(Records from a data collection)
----

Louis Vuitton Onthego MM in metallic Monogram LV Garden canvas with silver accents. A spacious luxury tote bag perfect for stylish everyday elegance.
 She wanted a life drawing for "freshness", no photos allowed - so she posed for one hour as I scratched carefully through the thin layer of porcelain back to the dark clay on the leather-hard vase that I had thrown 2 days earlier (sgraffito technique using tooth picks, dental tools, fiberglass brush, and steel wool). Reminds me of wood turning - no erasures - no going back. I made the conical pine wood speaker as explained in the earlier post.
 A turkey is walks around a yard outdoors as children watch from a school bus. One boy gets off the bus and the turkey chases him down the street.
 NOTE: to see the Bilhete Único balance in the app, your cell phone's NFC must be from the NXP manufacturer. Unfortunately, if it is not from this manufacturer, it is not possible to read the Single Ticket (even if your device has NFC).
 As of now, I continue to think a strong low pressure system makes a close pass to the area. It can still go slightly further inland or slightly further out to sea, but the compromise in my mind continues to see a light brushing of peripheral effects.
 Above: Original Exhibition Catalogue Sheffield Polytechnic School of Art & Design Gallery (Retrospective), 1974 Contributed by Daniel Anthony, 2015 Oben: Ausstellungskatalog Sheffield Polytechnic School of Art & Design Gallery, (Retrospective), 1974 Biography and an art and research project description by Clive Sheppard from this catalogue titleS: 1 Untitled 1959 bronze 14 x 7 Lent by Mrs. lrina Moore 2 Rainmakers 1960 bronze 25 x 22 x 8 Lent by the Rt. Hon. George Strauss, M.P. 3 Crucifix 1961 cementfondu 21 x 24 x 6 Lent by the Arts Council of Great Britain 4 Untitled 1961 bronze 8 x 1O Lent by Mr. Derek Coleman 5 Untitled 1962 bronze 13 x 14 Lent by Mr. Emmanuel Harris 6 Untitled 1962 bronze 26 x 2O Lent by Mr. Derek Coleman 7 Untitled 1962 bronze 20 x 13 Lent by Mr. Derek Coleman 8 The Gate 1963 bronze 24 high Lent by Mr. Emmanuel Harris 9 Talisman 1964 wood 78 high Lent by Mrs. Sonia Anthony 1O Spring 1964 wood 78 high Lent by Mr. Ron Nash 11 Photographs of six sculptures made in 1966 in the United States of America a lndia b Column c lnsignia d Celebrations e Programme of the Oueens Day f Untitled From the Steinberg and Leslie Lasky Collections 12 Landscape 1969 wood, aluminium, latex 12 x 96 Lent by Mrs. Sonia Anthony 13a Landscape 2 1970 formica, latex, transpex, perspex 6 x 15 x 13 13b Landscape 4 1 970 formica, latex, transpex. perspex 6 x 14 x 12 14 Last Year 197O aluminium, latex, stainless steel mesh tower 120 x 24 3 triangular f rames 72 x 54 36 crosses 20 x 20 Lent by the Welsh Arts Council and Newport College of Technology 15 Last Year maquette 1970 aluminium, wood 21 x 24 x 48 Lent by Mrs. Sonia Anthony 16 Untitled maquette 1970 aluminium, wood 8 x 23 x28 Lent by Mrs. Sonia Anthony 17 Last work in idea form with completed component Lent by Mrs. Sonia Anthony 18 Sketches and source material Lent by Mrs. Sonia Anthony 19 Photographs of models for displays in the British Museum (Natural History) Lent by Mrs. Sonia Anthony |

----

-- Instructions to follow --
Nothing beyond the lines from the start of the entries through the line with "A turkey is" should appear. Repeat those lines exactly, both ends included.

-- Response below --
Louis Vuitton Onthego MM in metallic Monogram LV Garden canvas with silver accents. A spacious luxury tote bag perfect for stylish everyday elegance.
 She wanted a life drawing for "freshness", no photos allowed - so she posed for one hour as I scratched carefully through the thin layer of porcelain back to the dark clay on the leather-hard vase that I had thrown 2 days earlier (sgraffito technique using tooth picks, dental tools, fiberglass brush, and steel wool). Reminds me of wood turning - no erasures - no going back. I made the conical pine wood speaker as explained in the earlier post.
 A turkey is walks around a yard outdoors as children watch from a school bus. One boy gets off the bus and the turkey chases him down the street.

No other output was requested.